Fig. 12.7-12.10 – Hepatic tumour with central scar and fibrotic bands in T2FatSat

(Fig.12.7),axial contrast-enhanced MRI T1 FS(VIBE) image in arterial phase shows that tumours (yellow arrows) are hyperattenuating compared with liver parenchyma (Fig.12.8), portal phase shows that tumours are isoattenuating (yellow arrows) compared with adjacent liver

parenchyma. Central scar does not show any enhancement ( bold yellow arrow) (Fig.12.9) Axial contrast-enhanced MRI T1 is now hypoattenuating with enhancement of the capsule (yellow arrow). Central scar does not show any enhancement (bold yellow) (Fig.12.10)

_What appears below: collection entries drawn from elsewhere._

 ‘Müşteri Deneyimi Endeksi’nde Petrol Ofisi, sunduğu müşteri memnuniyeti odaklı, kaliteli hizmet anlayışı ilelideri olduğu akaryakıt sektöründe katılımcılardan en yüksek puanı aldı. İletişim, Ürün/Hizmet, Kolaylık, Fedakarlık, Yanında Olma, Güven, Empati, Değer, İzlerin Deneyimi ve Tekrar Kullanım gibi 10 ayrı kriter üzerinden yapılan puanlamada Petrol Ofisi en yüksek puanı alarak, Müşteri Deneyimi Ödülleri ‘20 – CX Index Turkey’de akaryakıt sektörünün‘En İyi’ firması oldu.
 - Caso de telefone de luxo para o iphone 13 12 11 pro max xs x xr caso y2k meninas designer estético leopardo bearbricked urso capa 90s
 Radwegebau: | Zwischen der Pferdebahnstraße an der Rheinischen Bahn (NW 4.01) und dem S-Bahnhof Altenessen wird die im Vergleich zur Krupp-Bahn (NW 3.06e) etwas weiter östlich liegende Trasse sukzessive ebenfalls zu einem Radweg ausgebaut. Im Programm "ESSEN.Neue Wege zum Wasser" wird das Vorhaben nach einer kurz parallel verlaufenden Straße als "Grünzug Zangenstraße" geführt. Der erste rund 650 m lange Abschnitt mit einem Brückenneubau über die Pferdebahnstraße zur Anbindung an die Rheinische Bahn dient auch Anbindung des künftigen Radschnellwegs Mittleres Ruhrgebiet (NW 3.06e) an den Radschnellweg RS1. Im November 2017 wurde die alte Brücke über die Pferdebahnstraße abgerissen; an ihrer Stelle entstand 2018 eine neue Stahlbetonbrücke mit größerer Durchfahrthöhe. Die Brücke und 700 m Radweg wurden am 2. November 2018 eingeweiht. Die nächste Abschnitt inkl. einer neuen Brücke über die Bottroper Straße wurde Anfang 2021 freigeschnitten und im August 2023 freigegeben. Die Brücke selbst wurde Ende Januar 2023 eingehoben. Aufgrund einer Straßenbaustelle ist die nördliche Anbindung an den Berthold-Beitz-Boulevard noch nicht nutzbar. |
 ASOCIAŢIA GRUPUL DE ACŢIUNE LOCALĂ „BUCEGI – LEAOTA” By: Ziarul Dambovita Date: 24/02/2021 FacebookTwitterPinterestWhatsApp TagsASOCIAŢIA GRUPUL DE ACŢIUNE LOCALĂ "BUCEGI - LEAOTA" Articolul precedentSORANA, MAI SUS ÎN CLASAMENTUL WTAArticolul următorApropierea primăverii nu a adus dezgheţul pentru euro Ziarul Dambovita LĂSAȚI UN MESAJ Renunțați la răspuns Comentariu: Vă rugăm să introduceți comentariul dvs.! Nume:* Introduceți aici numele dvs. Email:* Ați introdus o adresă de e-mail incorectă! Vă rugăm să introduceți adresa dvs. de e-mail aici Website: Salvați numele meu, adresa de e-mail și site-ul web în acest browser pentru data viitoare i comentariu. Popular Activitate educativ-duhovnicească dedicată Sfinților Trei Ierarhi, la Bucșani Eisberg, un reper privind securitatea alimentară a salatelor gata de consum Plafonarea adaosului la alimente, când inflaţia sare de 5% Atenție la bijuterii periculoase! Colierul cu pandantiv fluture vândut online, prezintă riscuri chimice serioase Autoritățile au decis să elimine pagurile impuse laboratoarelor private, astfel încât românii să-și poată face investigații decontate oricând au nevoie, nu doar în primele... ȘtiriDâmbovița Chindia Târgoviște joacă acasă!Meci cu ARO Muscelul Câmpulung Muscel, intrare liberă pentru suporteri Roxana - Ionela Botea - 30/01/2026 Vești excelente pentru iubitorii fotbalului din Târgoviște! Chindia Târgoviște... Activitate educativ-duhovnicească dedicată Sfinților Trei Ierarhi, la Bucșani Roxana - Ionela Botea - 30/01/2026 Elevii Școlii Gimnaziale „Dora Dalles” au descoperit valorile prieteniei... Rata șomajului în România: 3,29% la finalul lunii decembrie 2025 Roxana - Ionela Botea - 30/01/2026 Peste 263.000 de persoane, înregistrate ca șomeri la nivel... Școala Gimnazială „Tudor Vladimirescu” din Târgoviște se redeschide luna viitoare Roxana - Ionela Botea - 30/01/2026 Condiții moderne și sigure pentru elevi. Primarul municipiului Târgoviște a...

 Finally, a core biopsy was performed, which confirmed the diagnosis of fibrolamellar HCC, while the tumour in the sigmoid was a tubulo papillary adenocarcinoma (pT3N1bLV1R0).

Discussion

 The diagnosis of fibro-lamellar carcinoma may not be suspected until radiological imaging or histopathological examination is done.

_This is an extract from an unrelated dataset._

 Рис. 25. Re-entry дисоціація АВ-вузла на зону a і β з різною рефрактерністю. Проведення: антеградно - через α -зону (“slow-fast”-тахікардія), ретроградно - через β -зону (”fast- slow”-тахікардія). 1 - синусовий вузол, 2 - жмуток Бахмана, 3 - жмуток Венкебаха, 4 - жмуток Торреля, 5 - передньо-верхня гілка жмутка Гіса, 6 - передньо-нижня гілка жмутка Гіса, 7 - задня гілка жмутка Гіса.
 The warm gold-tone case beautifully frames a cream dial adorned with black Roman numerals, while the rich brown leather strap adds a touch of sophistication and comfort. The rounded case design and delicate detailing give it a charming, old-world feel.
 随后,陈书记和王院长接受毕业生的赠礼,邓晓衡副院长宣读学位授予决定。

 Hepatocellular carcinomas are malignant liver lesions that appear in cirrhotic patients.

 Fibro-lamellar hepatocellular carcinoma is a rare type of malignant liver tumor which occurs most often in young adults without an underlying liver disease, usually with normal serum levels of alpha-fetoprotein [1].

 Frequently it appears as a single mass and the diagnosis is suggested by imaging findings (CT scans or MRI), and confirmed by histology.

 The particularity of this case was the presence of multiple fibro-lamellar lesions in an elderly patient with underlying chronic HBV hepatitis and underlying non-liver neoplastic disease (adenocarcinoma of the sigmoid colon).

Final diagnosis: Fibrolamellar hepatocellular carcinoma.

Reference:

1. Titelbaum DS, Burke DR, Meranze SG, et al. Fibrolamellar hepatocellular carcinoma: pitfalls in nonoperative diagnosis. Radiology. 1988 Apr;167(1):25-30.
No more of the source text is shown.